## Provided information
┌────────
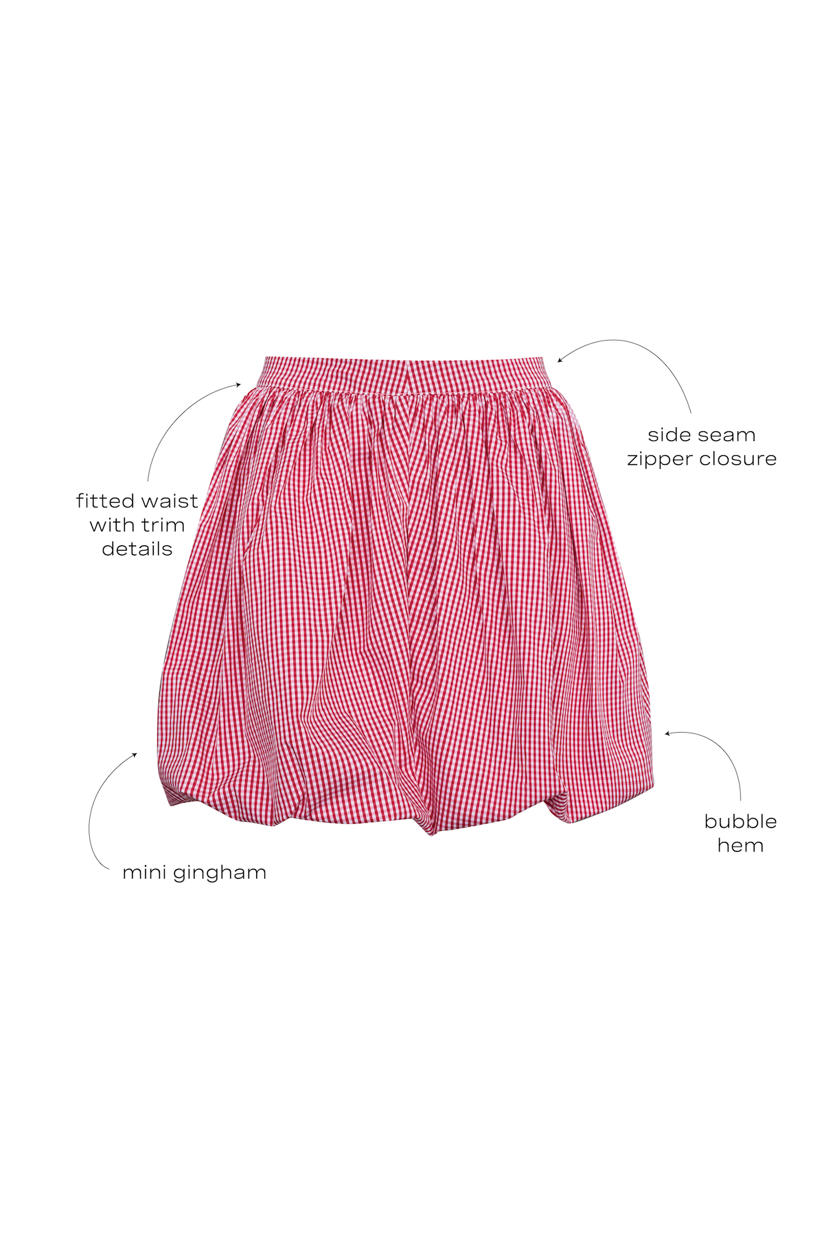 The Kinsley Skirt is a flirty bubble mini in our Carmine Check, a classic gingham updated with a modern twist and a touch of stretch for a smooth, comfortable fit. A trim traced fitted waist defines the silhouette, while the bubble hem creates playful volume and movement. Effortless and fun yet undeniably polished, Kinsley is a statement piece that captures the Hunter Bell spirit. Style it with the Mae Top for a coordinated set or pair it with the Doering Top in bright white for an instant pop of holiday contrast.
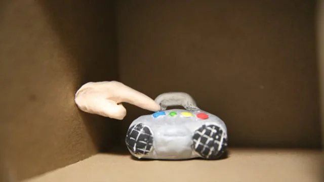 Wooden ball, sandblasted plexiglass, red string, metal rod, wax, found rock, paper clay, spackle, wall paint
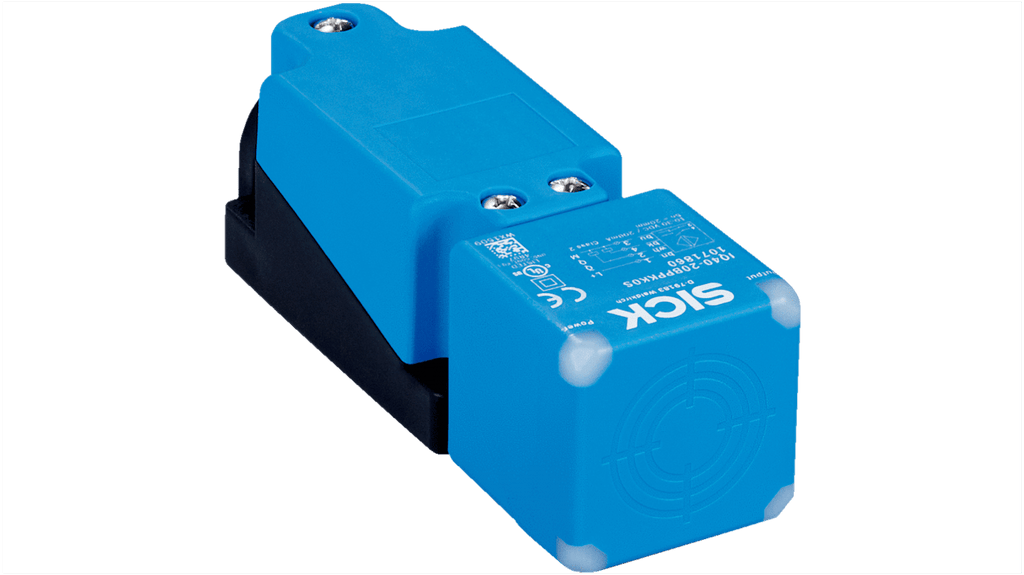 Sensore di prossimità induttivo rettangolare, tecnologia NO, gamma di rilevamento 20 mm, tensione di alimentazione 10-30 V CC, montaggio a filo, grado di protezione IP68, temperatura operativa da -25 a +85 gradi, custodia in plastica, dimensioni 40 mm x 40 mm x 118 mm, corrente di commutazione 100 mA, frequenza di commutazione 150 Hz, protezione da inversione di polarità e sovraccarico. Standard CE, EAC.
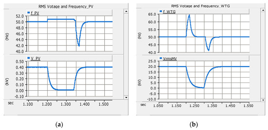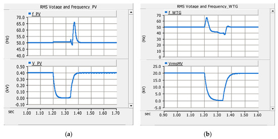 Three-phase RMS voltage and frequency of DGs before, during and after fault F1 (a) low-voltage (LV) side of the PV system and (b) medium voltage (MV) side of the WTG.
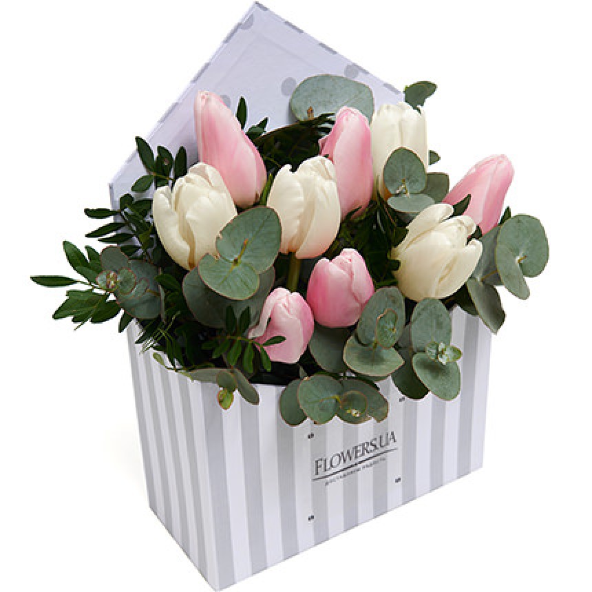 9 белых и розовых тюльпанов, зелень, декоративное кашпо, флористический материал.
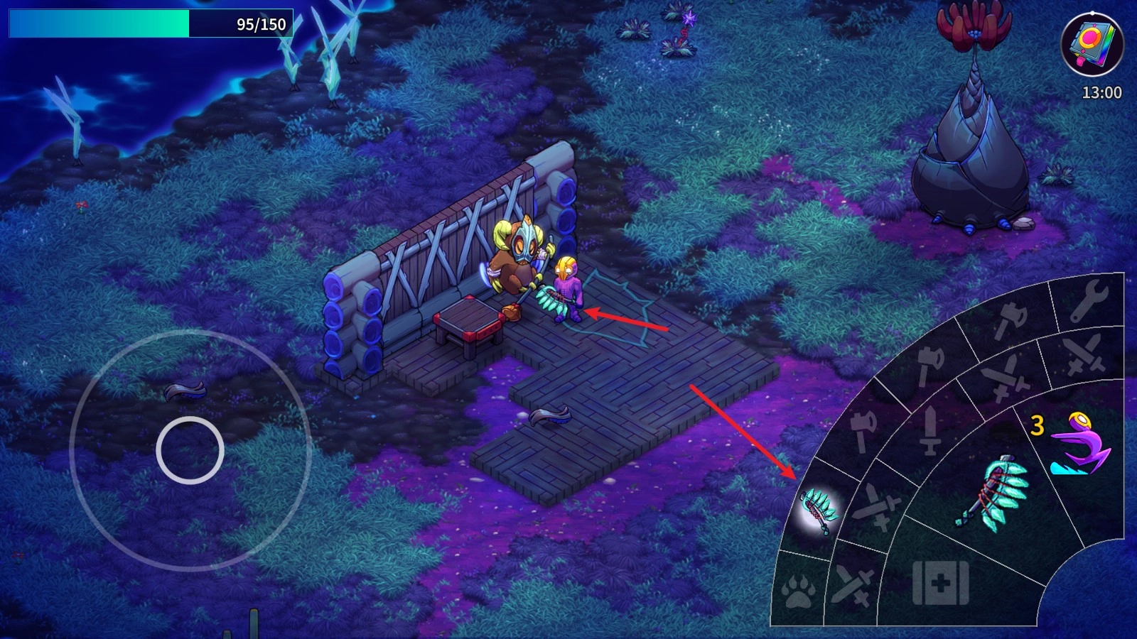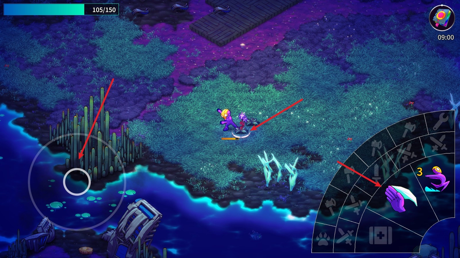 1、进入游戏后,用左侧摇杆操控角色移动,当靠近物品时攻击键会自动亮起,点击该键就能发起攻击。
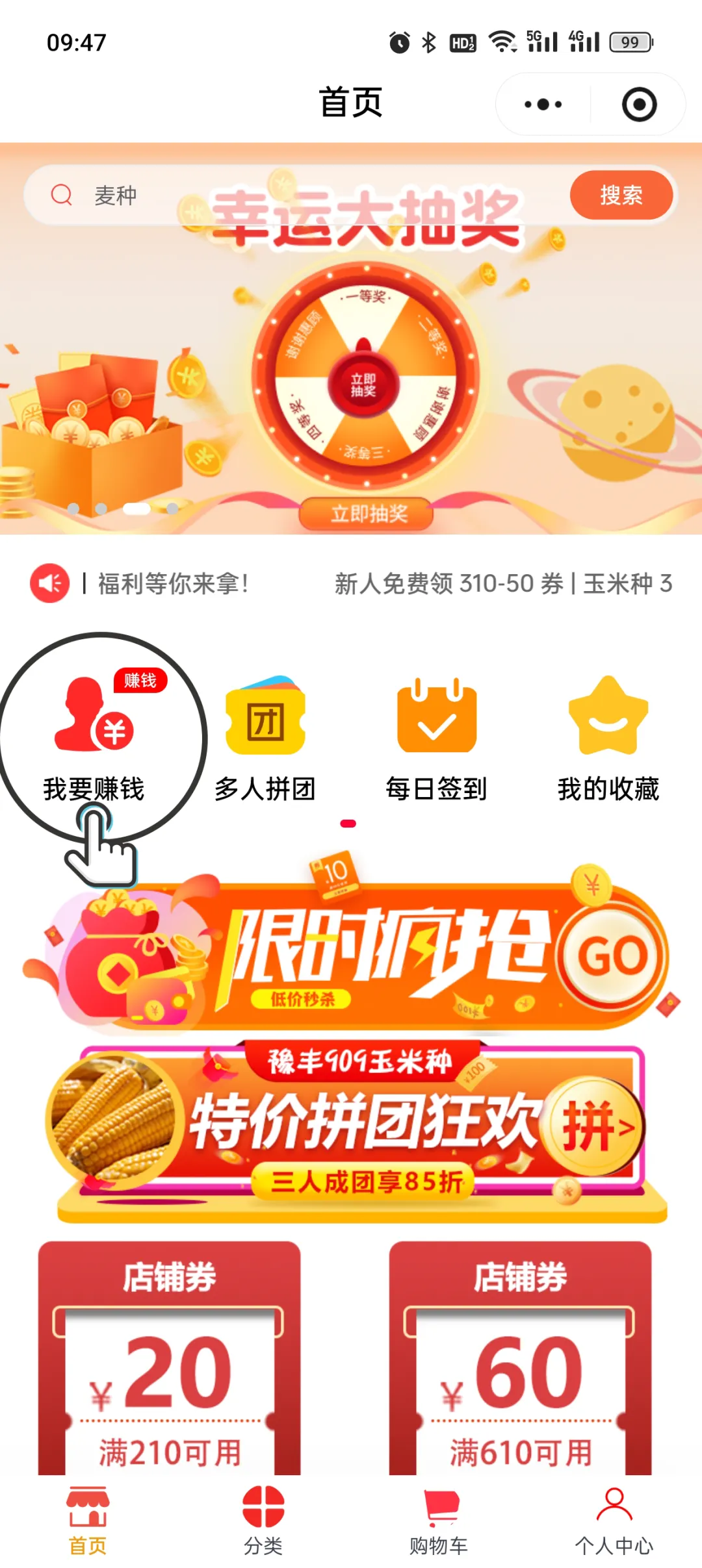第1步:打开希希农业小程序 → 点首页“我要赚钱”(就在首页显眼位置,红底白字,一眼看到)
└────────
## Task description
The output should consist of every entry above, printed exactly, with the images removed.

## Result below
 The Kinsley Skirt is a flirty bubble mini in our Carmine Check, a classic gingham updated with a modern twist and a touch of stretch for a smooth, comfortable fit. A trim traced fitted waist defines the silhouette, while the bubble hem creates playful volume and movement. Effortless and fun yet undeniably polished, Kinsley is a statement piece that captures the Hunter Bell spirit. Style it with the Mae Top for a coordinated set or pair it with the Doering Top in bright white for an instant pop of holiday contrast.
 Wooden ball, sandblasted plexiglass, red string, metal rod, wax, found rock, paper clay, spackle, wall paint
 Sensore di prossimità induttivo rettangolare, tecnologia NO, gamma di rilevamento 20 mm, tensione di alimentazione 10-30 V CC, montaggio a filo, grado di protezione IP68, temperatura operativa da -25 a +85 gradi, custodia in plastica, dimensioni 40 mm x 40 mm x 118 mm, corrente di commutazione 100 mA, frequenza di commutazione 150 Hz, protezione da inversione di polarità e sovraccarico. Standard CE, EAC.
 Three-phase RMS voltage and frequency of DGs before, during and after fault F1 (a) low-voltage (LV) side of the PV system and (b) medium voltage (MV) side of the WTG.
 9 белых и розовых тюльпанов, зелень, декоративное кашпо, флористический материал.
 1、进入游戏后,用左侧摇杆操控角色移动,当靠近物品时攻击键会自动亮起,点击该键就能发起攻击。
第1步:打开希希农业小程序 → 点首页“我要赚钱”(就在首页显眼位置,红底白字,一眼看到)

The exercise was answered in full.